República de Colombia Corte Suprema de Justicia Revisión N° 44801 Justo Gil Zuñiga Labrador CORTE SUPREMA DE JUSTICIA SALA DE CASACIÓN PENAL FERNANDO ALBERTO CASTRO CABALLERO Magistrado ponente Radicación No. 44801 AP906-2015 (Aprobado Acta No. 077) Bogotá, D.C., veinticinco (25) de febrero de dos mil quince (2015). VISTOS: Se pronuncia la Sala en relación con la admisibilidad de la demanda de revisión presentada por el condenado JUSTO GIL ZUÑIGA LABRADOR contra la sentencia emitida el 18 de enero de 2001por el Tribunal Superior de Bogotá, mediante la cual confirmó el fallo de primer grado proferido el 16 de diciembre de 1999 por el Juzgado Tercero Penal del Circuito Especializado de la misma ciudad, a través del cual fue declarado coautor del homicidio agravado de MANUEL CEPEDA VARGAS, Senador de la República.

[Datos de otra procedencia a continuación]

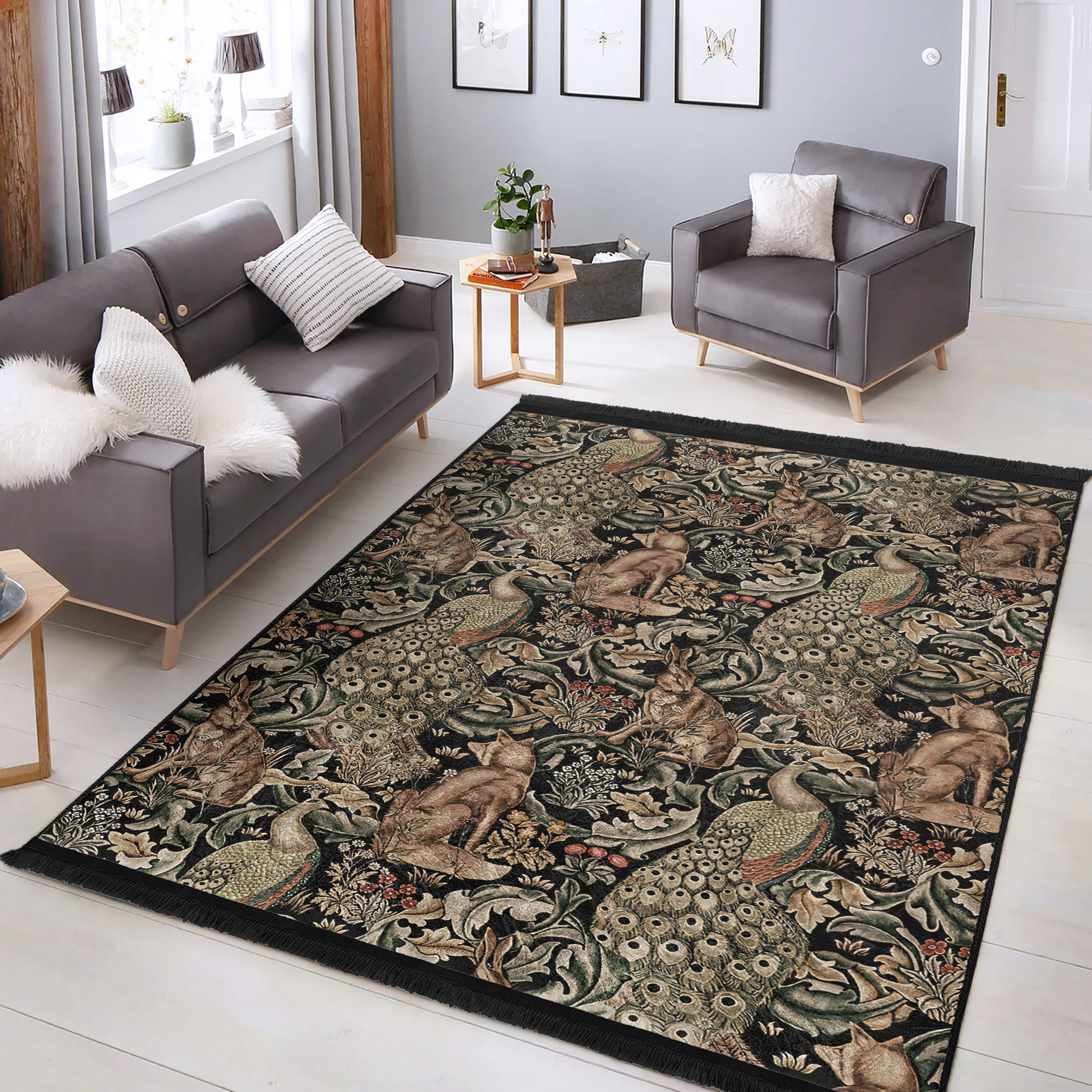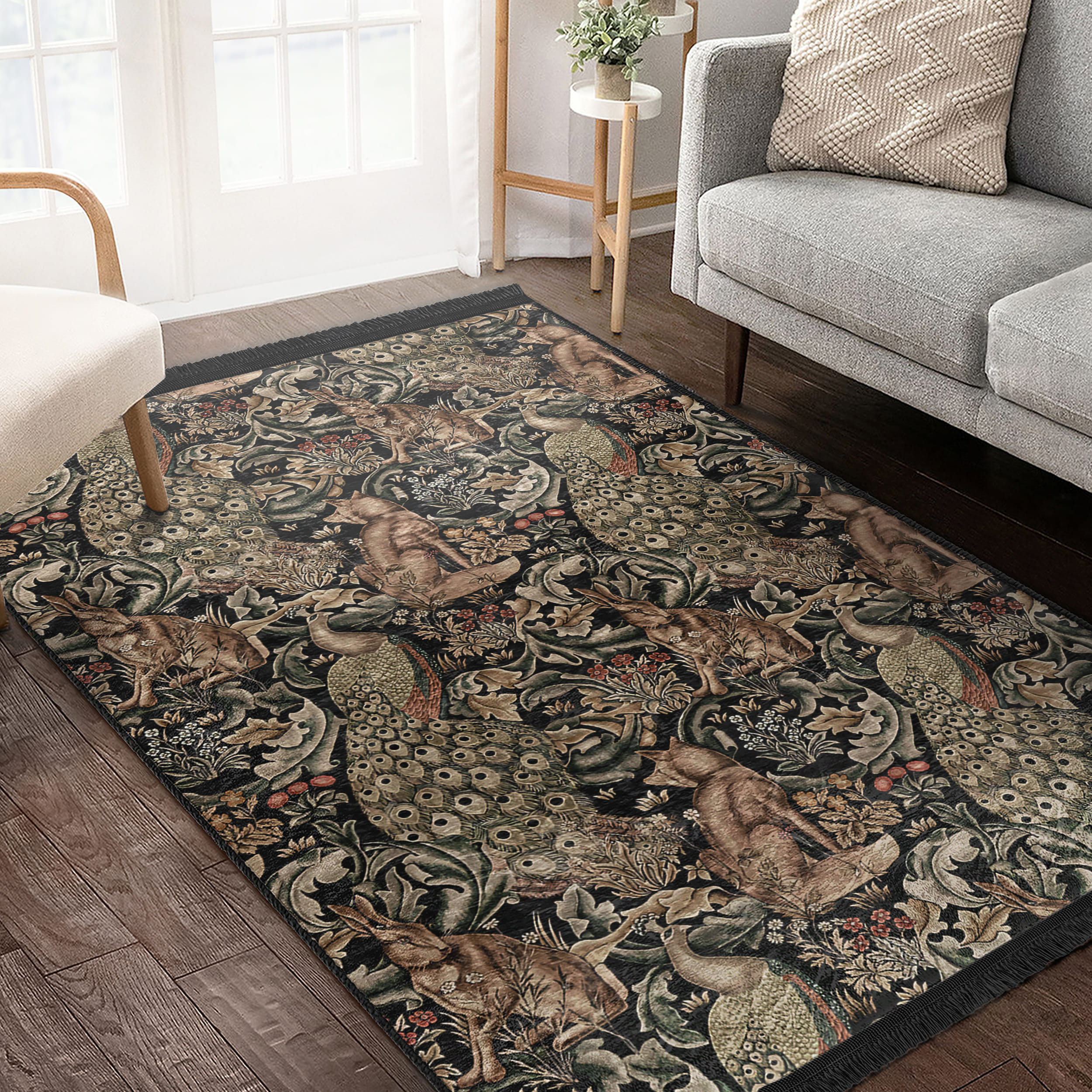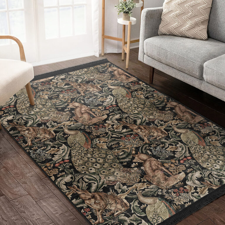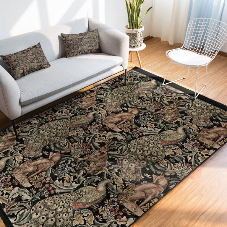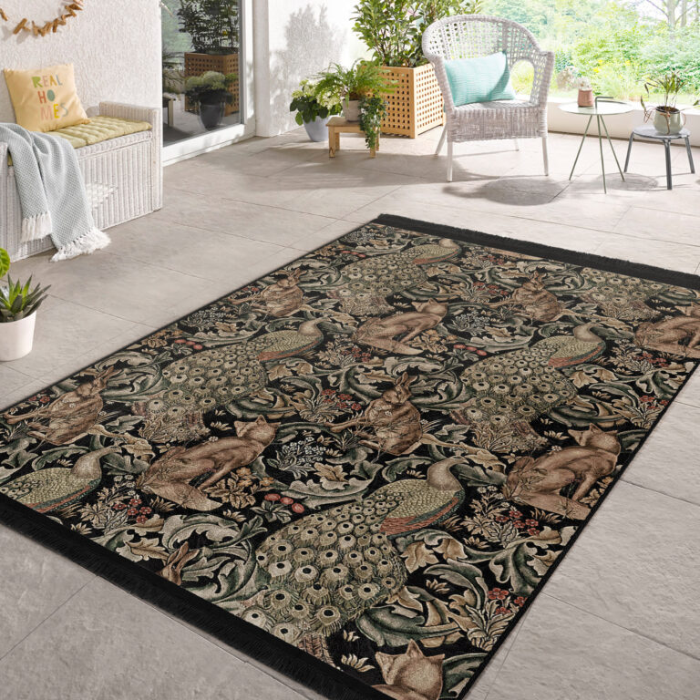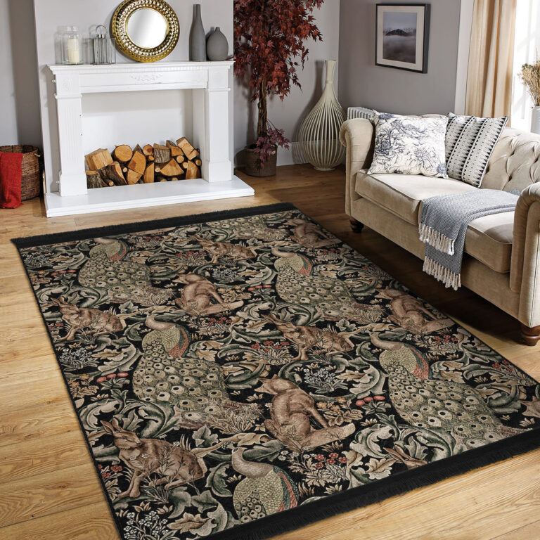 Karmasik Renklerle Canlı Doğal Motifli Şık Salon Halısı – Makinede Yıkanabilir Kaymaz Tabanlı Halı
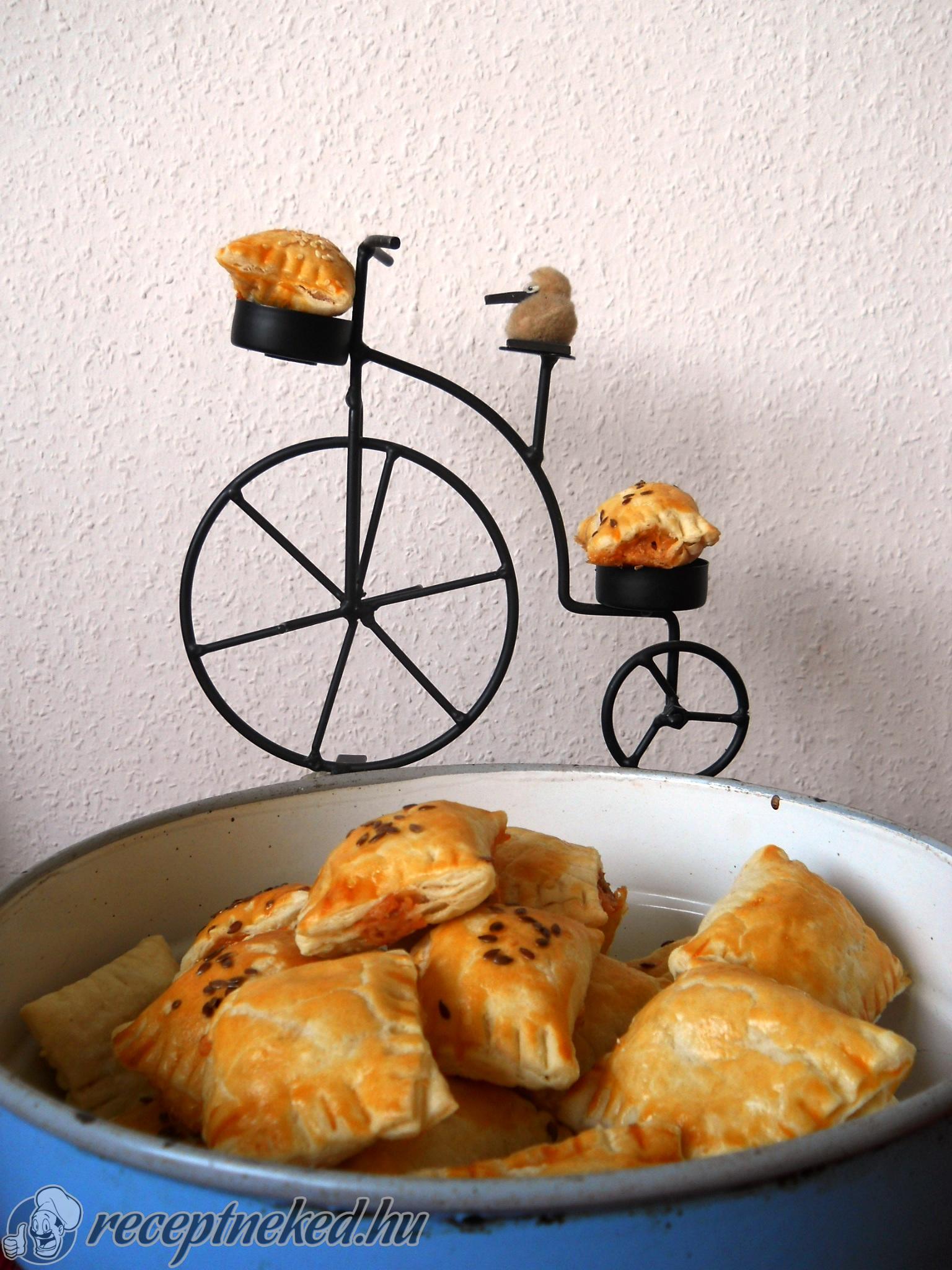 A leveles tésztát lisztezett felületen kb. 2-3 mm vastagságúra nyújtjuk, majd téglalapokra vágjuk. A téglalapok egyik felére halmozzuk a tonhalas tölteléket. A széleket megkenjük felvert tojással, majd a tészta másik felét ráhajtjuk. A széleket alaposan lenyomkodjuk, villával is rögzítjük, hogy sütés közben ne nyíljanak szét.
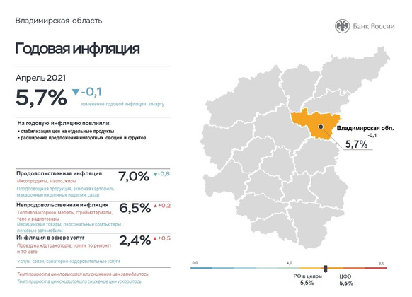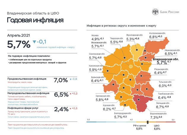 5,7% - это лучше, чем в большинстве регионов ЦФО (см. инфографику). Если конкретно, то «замедлился рост на яблоки, груши, апельсины, крупы, хлеб, макароны». По крупам сказался «сдержанный спрос» - в отличие от ажиотажных закупок годом ранее, а по хлебу и макаронам — сыграли роль субсидии мукомолам и хлебопекам.
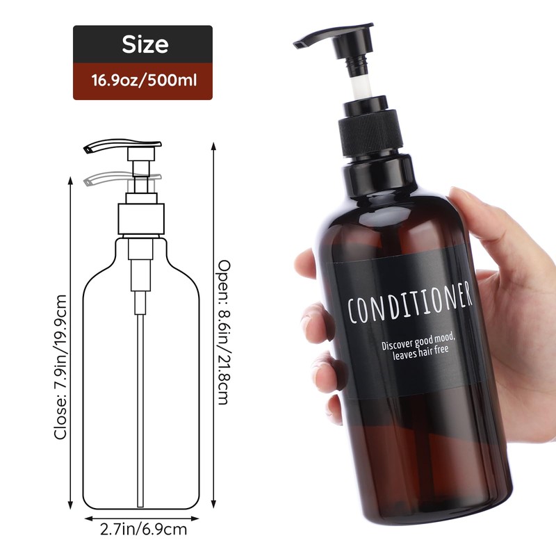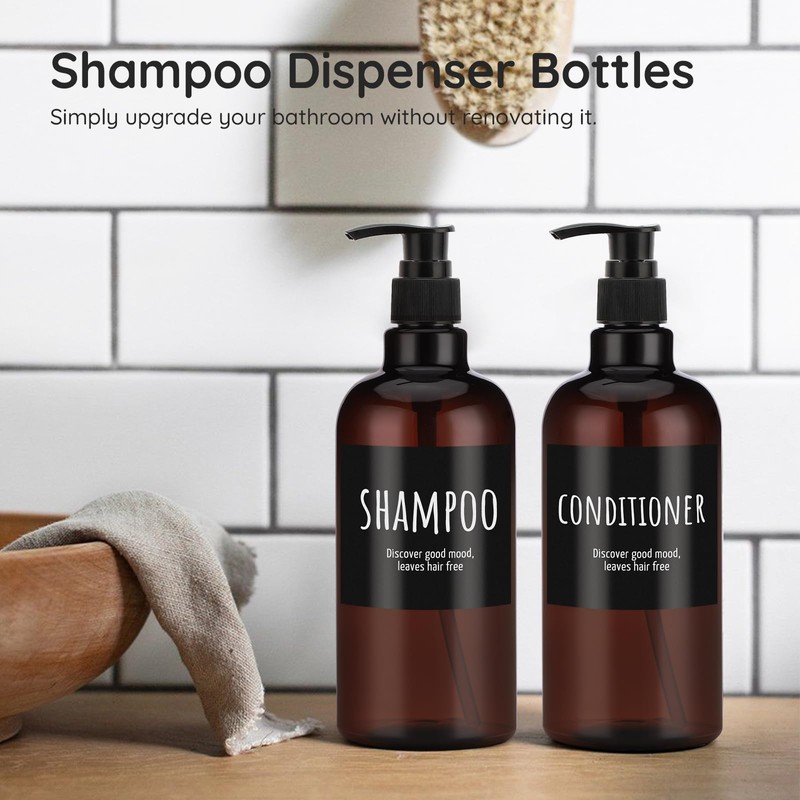 - Large capacity set: Each dispenser bottle has a reasonable capacity of 16.9 ounces to meet the daily needs of the whole family. 2 packs of pre-labeled waterproof label bottles that indicate shampoo and conditioner can help you identify them easily.
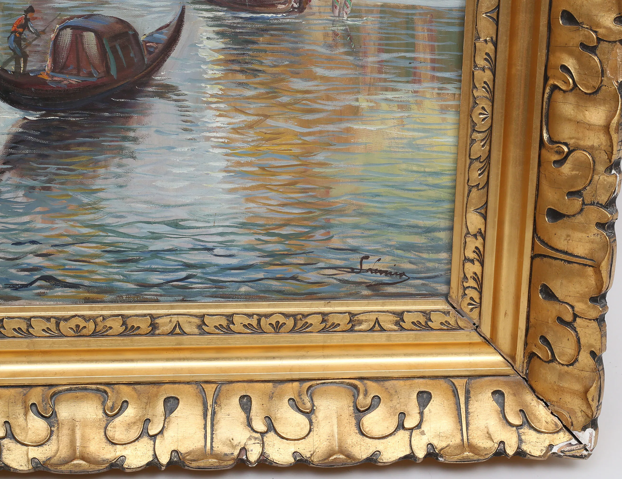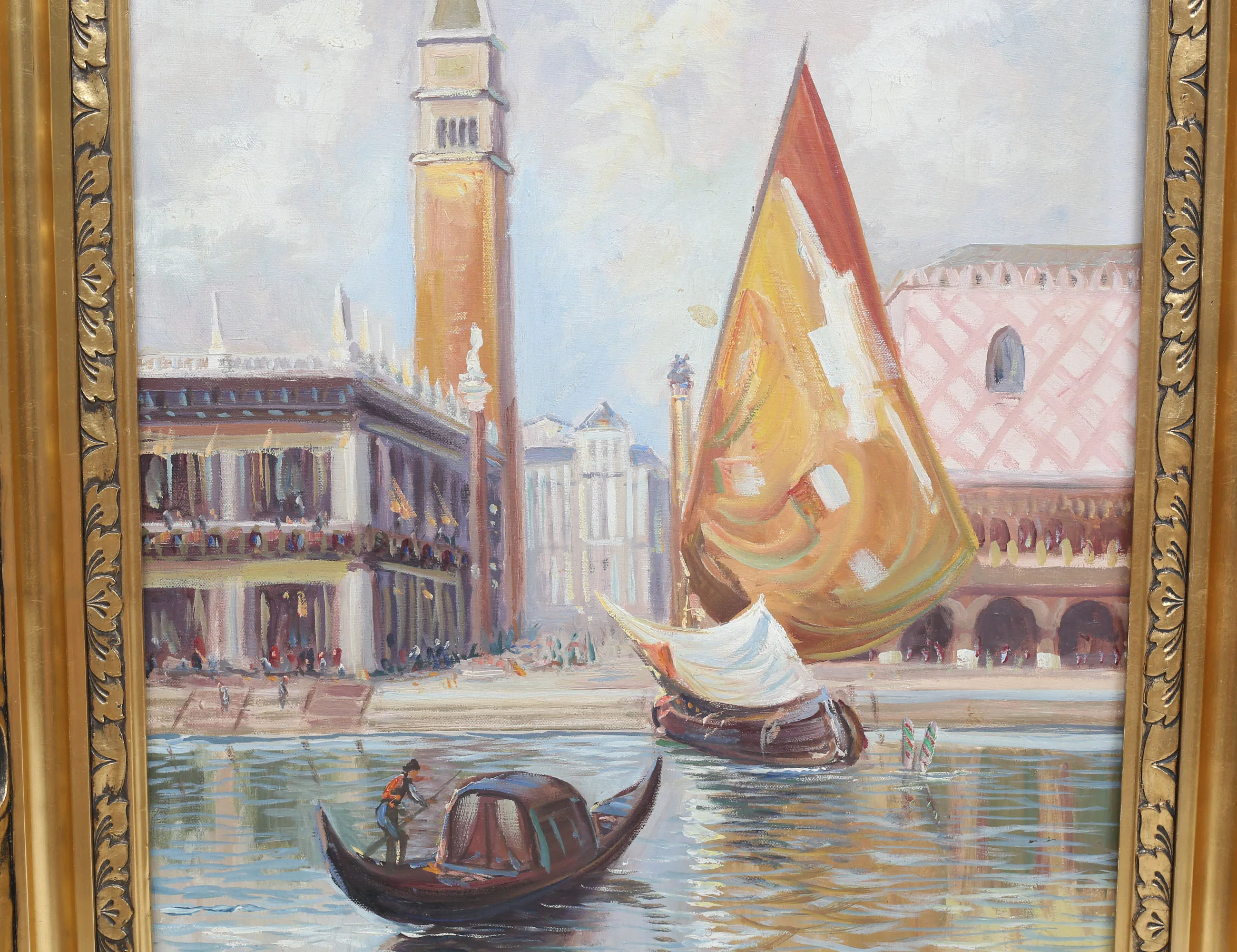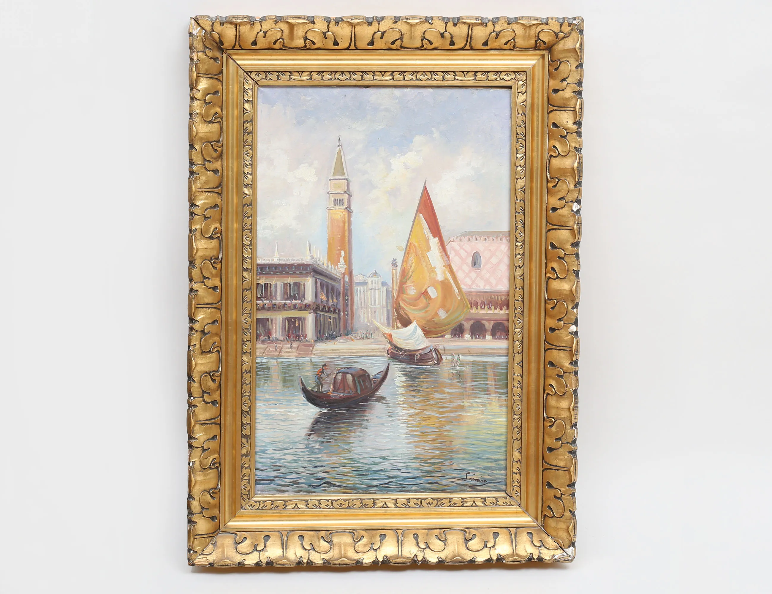 oljemålning på duk, motiv från Venedig, praktfull förgylld ram, signerad, 79x50, rammått 105x75 (ram med skador)

HECHOS: Fueron definidos por los juzgadores de la siguiente manera: El 9 de agosto de 1994, entre las 8 y 9 de la mañana, el Senador de la República por la “Unión Patriótica” MANUEL CEPEDA VARGAS se movilizaba por la avenida de las Américas de esta capital con destino a las instalaciones del Congreso, en un vehículo campero de su propiedad conducido por EDUARDO FIERRO PALOMA y en compañía del escolta LUIS ALFONSO MORALES AGUIRRE, cuando, a la altura de la carrera 74, uno de varios sujetos que se desplazaban en un automóvil marca Renault 9 brío, de color blanco, le propinó un disparo de arma de fuego en su cabeza que le causó la muerte de manera instantánea, ante lo cual el escolta MORALES AGUIRRE reaccionó disparando toda la carga del revólver que portaba contra el automotor de los agresores, quienes huyeron del lugar y minutos después dejaron abandonado el Renault 9 en la avenida Boyacá con carrera 72, (sic) en el cual se halló una pistola marca “Walther”, modelo P-38, calibre 9 mm, largo, con número 43956, un proveedor con 6 cartuchos y una vainilla percutida.

En el lugar donde se produjo el atentado fueron halladas en la vía pública otras dos vainillas. ACTUACIÓN PROCESAL: En pretérita oportunidad fue reseñada por la Corte de la siguiente manera: 1. Con base en el acta de inspección de cadáver a cargo de la Fiscalía 10ª adscrita a la Unidad de Reacción Inmediata de Bogotá y las primeras pruebas recaudadas con posterioridad al crimen, con resolución del 9 de agosto de 1994, una Fiscalía Regional de la misma ciudad dispuso adelantar investigación previa.

(Folio 8 cdno. 1) (…) 17. La Dirección Nacional de Investigaciones Especiales de la Procuraduría General de la Nación, remitió con destino a este expediente copia del “informe evaluativo final” de la averiguación preliminar disciplinaria por el homicidio del senador Manuel Cepeda Vargas, donde trataba de esclarecer, entre otras cosas, si fue adecuada la reacción de la Policía Nacional inmediatamente después de ocurrido el crimen.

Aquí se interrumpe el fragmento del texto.